On 9/30/21 5:55 PM, Xueming Li wrote:
> In current DPDK framework, each RX queue is pre-loaded with mbufs for

RX -> Rx

> incoming packets. When number of representors scale out in a switch
> domain, the memory consumption became significant. Most important,
> polling all ports leads to high cache miss, high latency and low
> throughput.

It should be highlighted that it is a problem of some PMDs.
Not all.

> 
> This patch introduces shared RX queue. Ports with same configuration in

"This patch introduces" -> "Introduce"

RX -> Rx

> a switch domain could share RX queue set by specifying sharing group.

RX -> Rx

> Polling any queue using same shared RX queue receives packets from all

RX -> Rx

> member ports. Source port is identified by mbuf->port.
> 
> Port queue number in a shared group should be identical.

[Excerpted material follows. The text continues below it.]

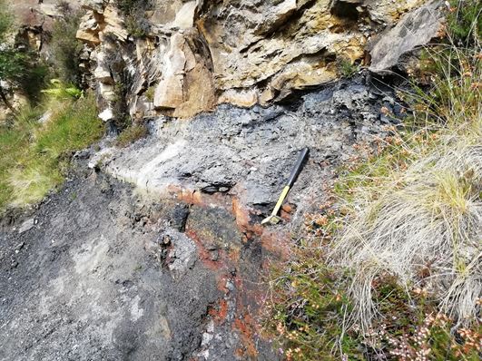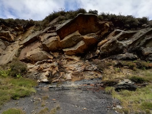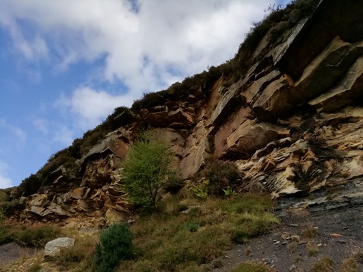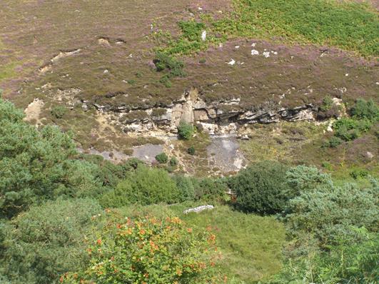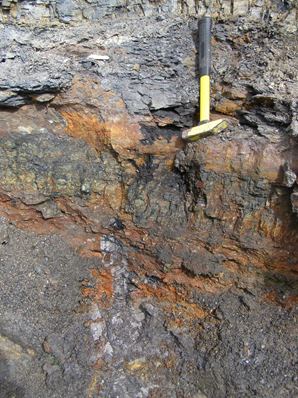 A steep rock face which exposes sandstones, siltstones and coal seams of the Lower Carboniferous Limestone Coal Formation, Clackmannan Group (Namurian) can be found close to the River North Esk in the gorge downstream from the settlement of Marfield. The exposure is about 10 m high in total with yellow and white sandstones forming the upper half of the cliff. Below the sandstones is a sequence of siltstones with two coal seams, both less than 30 cm thick. Between and beneath the two coal seams are laminated black siltstones, probably rich in organic material as they include shiny carbon films on some surfaces. About 20 cm below the lower coal seam is a bed of pale grey clay which may represent a seat earth, a deposit often associated with coal seams. All these rocks are heavily impregnated with iron which gives them an orange-brown colour and the lower coal seam also has yellow colouration resulting from a high sulphur content. Iron nodules were seen on the scree slopes and have probably fallen from the siltstones above.

Queue index is
> 1:1 mapped in shared group.
> 
> Share RX queue must be polled on single thread or core.

RX -> Rx

> 
> Multiple groups is supported by group ID.

is -> are

> 
> Signed-off-by: Xueming Li <xuemi...@nvidia.com>
> Cc: Jerin Jacob <jerinjac...@gmail.com>

The patch should update release notes.

> ---
> Rx queue object could be used as shared Rx queue object, it's important
> to clear all queue control callback api that using queue object:
>   https://mails.dpdk.org/archives/dev/2021-July/215574.html
> ---
>  doc/guides/nics/features.rst                    | 11 +++++++++++
>  doc/guides/nics/features/default.ini            |  1 +
>  doc/guides/prog_guide/switch_representation.rst | 10 ++++++++++
>  lib/ethdev/rte_ethdev.c                         |  1 +
>  lib/ethdev/rte_ethdev.h                         |  7 +++++++
>  5 files changed, 30 insertions(+)
> 
> diff --git a/doc/guides/nics/features.rst b/doc/guides/nics/features.rst
> index 4fce8cd1c97..69bc1d5719c 100644
> --- a/doc/guides/nics/features.rst
> +++ b/doc/guides/nics/features.rst
> @@ -626,6 +626,17 @@ Supports inner packet L4 checksum.
>    ``tx_offload_capa,tx_queue_offload_capa:DEV_TX_OFFLOAD_OUTER_UDP_CKSUM``.
>  
>  
> +.. _nic_features_shared_rx_queue:
> +
> +Shared Rx queue
> +---------------
> +
> +Supports shared Rx queue for ports in same switch domain.
> +
> +* **[uses]     rte_eth_rxconf,rte_eth_rxmode**: 
> ``offloads:RTE_ETH_RX_OFFLOAD_SHARED_RXQ``.
> +* **[provides] mbuf**: ``mbuf.port``.
> +
> +
>  .. _nic_features_packet_type_parsing:
>  
>  Packet type parsing
> diff --git a/doc/guides/nics/features/default.ini 
> b/doc/guides/nics/features/default.ini
> index 754184ddd4d..ebeb4c18512 100644
> --- a/doc/guides/nics/features/default.ini
> +++ b/doc/guides/nics/features/default.ini
> @@ -19,6 +19,7 @@ Free Tx mbuf on demand =
>  Queue start/stop     =
>  Runtime Rx queue setup =
>  Runtime Tx queue setup =
> +Shared Rx queue      =
>  Burst mode info      =
>  Power mgmt address monitor =
>  MTU update           =
> diff --git a/doc/guides/prog_guide/switch_representation.rst 
> b/doc/guides/prog_guide/switch_representation.rst
> index ff6aa91c806..bc7ce65fa3d 100644
> --- a/doc/guides/prog_guide/switch_representation.rst
> +++ b/doc/guides/prog_guide/switch_representation.rst
> @@ -123,6 +123,16 @@ thought as a software "patch panel" front-end for 
> applications.
>  .. [1] `Ethernet switch device driver model (switchdev)
>         <https://www.kernel.org/doc/Documentation/networking/switchdev.txt>`_
>  
> +- Memory usage of representors is huge when number of representor grows,
> +  because PMD always allocate mbuf for each descriptor of Rx queue.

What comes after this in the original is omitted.